Письмо бывшей узницы

Письмо бывшей узницы

Вербловская И. С. Письмо бывшей узницы // Уроки гнева и любви : Сб. воспоминаний о годах репрессий (20-е – 80-е гг.) . Вып. 4 / сост. и ред. Т. В. Тигонен. – СПб., 1993. – С. 153–158.

- 153 -

И. С. Вербловская

 

Письмо бывшей узницы

Меня все время мучает мысль, вернее тревога, что наш лагерный опыт пропал втуне. Что мы не очень интересуемся временем, которое предшествовало началу правозащитного движения в стране. Мы далеко не во всех аспектах изучили так называемую «оттепель». Явление, которое, образно говоря, можно было бы сравнить с весной в тундре, когда на поверхности цветы, а вечная мерзлота в полной неприкосновенности.

В сталинское время были планомерно уничтожены основные интеллектуальные силы общества. В лагерях той поры содержались люди одаренные и талантливые.

Настали другие времена — в лагерях другие зеки.

Расскажу о Тайшетской трассе. 14 лагпункт — ЖХ 410/14 — находился в нескольких километрах от станции Невельская — это 62-й километр на дороге Тайшет-Братск. Саму эту дорогу, как говорят, начинали строить военнопленные японцы, где-то есть их кладбище. Лагерь имел небольшую зону. Перед самым новым годом, 30 декабря 1959 года, в нескольких битком набитых столыпинских вагонах туда перевезли из Мариинска весь наш женский лагерь. Тогда это была единственная женская политзона на всю страну.

Некоторые старые лагерницы помнили эту зону еще со сталинских времен. Примечательно, что начальником был несменяемый с тех пор Ткаченко. Ни имени, ни чина его не помню. Помню, что он был одноглазым.

Нас там содержали до середины апреля 1961 года, когда,. погрузив в несколько теплушек, перевезли в Мордовию.

Основной контингент лагеря состоял из верующих сектанток. Больше всего было «Свидетельниц Иеговы», баптисток и монашек — ипх (исконно православных христиан).

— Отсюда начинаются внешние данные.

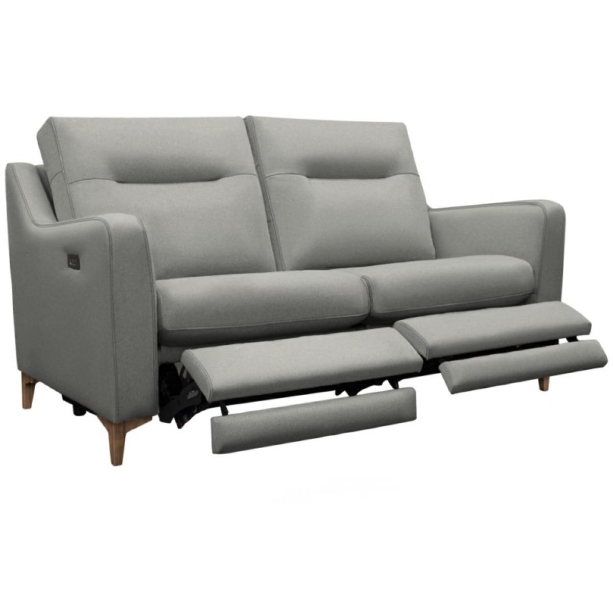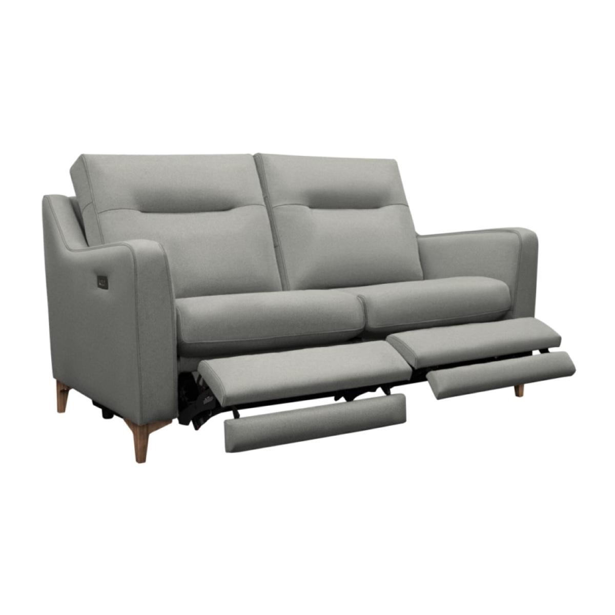 Introducing the G Plan Austen 2 Seater Leather Sofa with Double Powered Footrests and USB charging ports. Experience luxurious comfort with minimal modern living. Deeply filled cushions provide the ultimate comfort, while additional Power Footrest options offer extra support with the G Plan Austen range of sofas and chairs. Choose from Show Wood feet in ebony, walnut, oak, or mahogany, and select from a range of beautiful fabrics and leathers to suit your style. All power footrest options come with touch buttons and a USB charging port as standard. Recliner furniture is supplied on fixed feet only and in sections for ease of delivery. Handcrafted in the UK, each piece comes with a 25-year timber frame and frame construction guarantee. Features: Double Powered Footrests supplied for each seat Handy USB charging ports built into each arm as standard A choice of Show Wood feet is available. Choose from a range of beautiful fabrics and leathers Handcrafted in the UK 25-year timber frame and construction guarantee 2 Seater Sofa Dimensions Height: 99cm Width: 158cm Depth: 103cm Seat Height: 51cm Seat Width: 119cm Seat Depth: 55cm PLEASE NOTE: The G Plan Austen sofa is shown here in the Texas Charcoal leather with Walnut wooden feet. This image is an indication of what the cover may look like, we always recommend ordering swatch samples before ordering. All measurements are approximate and relate to the overall size of the item, including soft arm cushions where fitted and back cushions. All furniture is supplied on feet in a choice of show wood finishes. Available in a selection of fabrics and leathers. Seat cushions are a fixed type. All seat cushions and back cushions are non-reversible. Small & Large Double Power Footrest sofas are delivered in two sections which link together. Scatter cushions are available at extra cost.

Но была и другая публика. Несколько давно сидевших украинок, имевших когда-то кто близкое, кто далекое отношение к УПА (Бандера, Украинская повстанческая армия). Наиболее интересные и яркие из них: Анна Коцур, Юлия Панькив, Галина Голояд, Владимира Кулик. Сейчас им всем уже около 70-ти лет, и я не знаю, кто из них жив. Они были фанатиками своей идеи. Не разделяя их взглядов, нельзя было, однако, не уважать их за порядочность, категорический отказ от сотрудничества с «кумом» и какой бы то ни было лагадминистрацией. Такими же были зечки из литовского землячества. В отличие от украинок они были представлены дву-

- 154 -

мя поколениями: сидевшими с послевоенных времен «лесными сестрами» и молодежью, часто моложе двадцати лет. В Литве в 1957 году было несколько молодежных дел, в результате которых в лагерь приехало несколько замечательных девушек на разные сроки от 1,5 до 7 лет. Они не были национально замкнуты.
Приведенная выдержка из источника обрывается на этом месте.